Avec un peu de fard, de gymnastique et de bonne volonté, « the girl next door », la voisine de palier, pourrait être une héroïne de Hitchcock. Et pour une part, la force du film hitchcockien réside dans le fait que des citoyens et citoyennes ordinaires peuvent se retrouver mêlés à des histoires extraordinaires. Les colonnes des journaux sont truffées de ce type de mésaventures !

Grisés par la musique et les décors, détournés du problème de fond par le "MacGuffin", prétexte futile et procédé cinématographique, nous nous laissons séduire. Mais personne ne s'en plaint.

On rêve alors de voyages au soleil, rien n'est plus chic que la Riviera ou Capri, la baie de San Francisco ou Hollywood. Les femmes portent des robes de couturiers, des sacs Hermès et des chaussures de Roger Vivier. On les devine poncées et parfumées. Elles fréquentent les salles de vente de Sotheby, descendent au Carlton ou au Negresco, habitent des villas somptueuses dans les Monts Apalaches, ou si elles ne font pas tout cela, elles en rêvent. Les héros, quant à eux, gardent un air attendrissant de bûcherons endimanchés, virils faire-valoir de ces belles de jour.
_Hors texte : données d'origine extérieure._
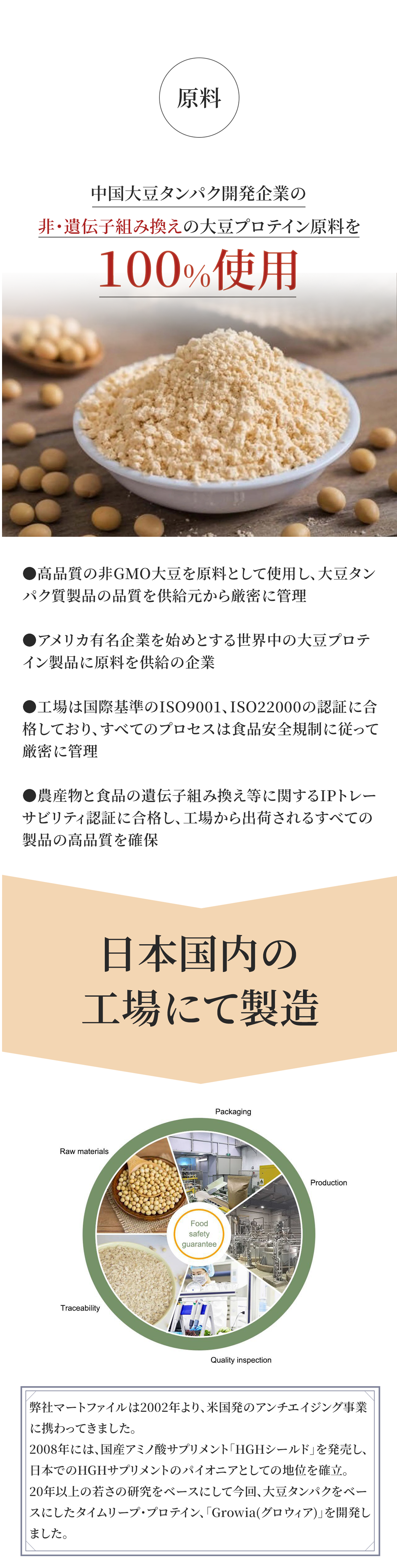 Growia(グロウィア)には、大豆由来の植物プロテインを、1回分に「21g」を配合。

Tout le monde y trouve son compte, aussi bien les intellectuels férus de psychanalyse, que les amateurs de suspense et de jolies femmes.
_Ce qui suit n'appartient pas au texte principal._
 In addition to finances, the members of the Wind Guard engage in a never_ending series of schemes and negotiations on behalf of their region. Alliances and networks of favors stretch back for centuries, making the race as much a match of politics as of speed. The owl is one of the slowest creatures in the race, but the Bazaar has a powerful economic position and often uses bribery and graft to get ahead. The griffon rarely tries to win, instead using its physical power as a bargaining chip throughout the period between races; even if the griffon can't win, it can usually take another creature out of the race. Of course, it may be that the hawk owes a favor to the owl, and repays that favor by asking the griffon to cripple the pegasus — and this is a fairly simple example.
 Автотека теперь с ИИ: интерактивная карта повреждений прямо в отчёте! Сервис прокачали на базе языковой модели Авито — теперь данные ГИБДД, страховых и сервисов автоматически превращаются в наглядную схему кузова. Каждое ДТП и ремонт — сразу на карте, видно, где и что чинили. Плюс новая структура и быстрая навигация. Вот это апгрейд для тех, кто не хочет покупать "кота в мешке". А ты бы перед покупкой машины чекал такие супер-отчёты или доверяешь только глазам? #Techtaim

Photo : la belle Eva-marie Saint

... et guerre froide

Si l'on peut voir les héroïnes hitchcockienne comme des entités destinées à érotiser l'intrigue du film, il n'en reste pas moins qu'elles marchent dans les pas des femmes courageuses de la résistance : dans le délicat contexte politique de l'après-guerre, Alicia, magnifiquement campée par Ingrid Bergman, infiltre aux côtés de Cary Grant, un groupe de nazis, dans les « Enchaînés ». Il est question d'uranium, ouvrant la brèche aux passionnants thrillers d'espionnage à la James Bond. Brésil, Amérique, ces femmes nous font voyager et trembler bien à l'abri. Dans « l'homme qui en savait trop », Doris Day, une mère de famille britannique en vacances au Maroc avec mari et enfant, va retrouver et sauver son fils, par la grâce d'une chanson qui deviendra un succès planétaire « Que sera, sera ... »

Si tout cela sent sa fiction dans le plus pur jus hollywoodien, il n'en reste pas moins que l'héroïne hitchcockienne demeure d'une redoutable efficacité, et le temps ne change rien à sa modernité.

Photo : Ingrid Bergman - Daily Mail

Eternel féminin

A l'heure où l'espionnage est devenu une morbide affaire virtuelle et bancaire, inéluctable comme une calamité planétaire, on se surprend à regretter sa subtile mise en scène colorée des années 50, ces décors inoubliables de montagnes rouges et de palaces internationaux, ces monsieur-tout-le-monde, mais qui paraissaient sentir le tabac anglais, ces blondes inimitables.

Photo 2  - L'obs.fr : Hitchcock et Kim Novak, sur le tournage de "Sueurs froides", d'après le roman de Boileau-Narcejac.

Incarnant la dualité, comme Kim Novak, dans « Vertigo » ; ou le combat face au prédateur : Tippi Hedren, ( mère de Mélanie Griffith ), dans les « Oiseaux »; ou encore le courage et la mise en danger dans « Fenêtre sur Cour » avec Grace Kelly ; peut-être aussi le désir d'une vie facile contredit par la réalité : Janet Leigh, ( mère de Jaimie Lee Curtis ), dans Psychose ; enfin, avoir raison contre tous les autres, déjouer un complot : comme Margaret Lockwood, dans "une femme disparaît", les stars préférées d'Alfred Hitchcock nous montrèrent et nous montrent encore un monde étrange, le nôtre, et nous ouvrent, - encore -, en douceur, une porte vers la liberté de penser et d'agir.

« Chez Hitchcock, ce sont toujours les femmes qui sauvent » Noël Simsolo, Hitchcock, cinéma d'aujourd'hui, 1969.

Laissons la conclusion au Maître : «Une femme de mystère est quelqu'un qui a une certaine maturité et dont les actes parlent plus fort que les mots.»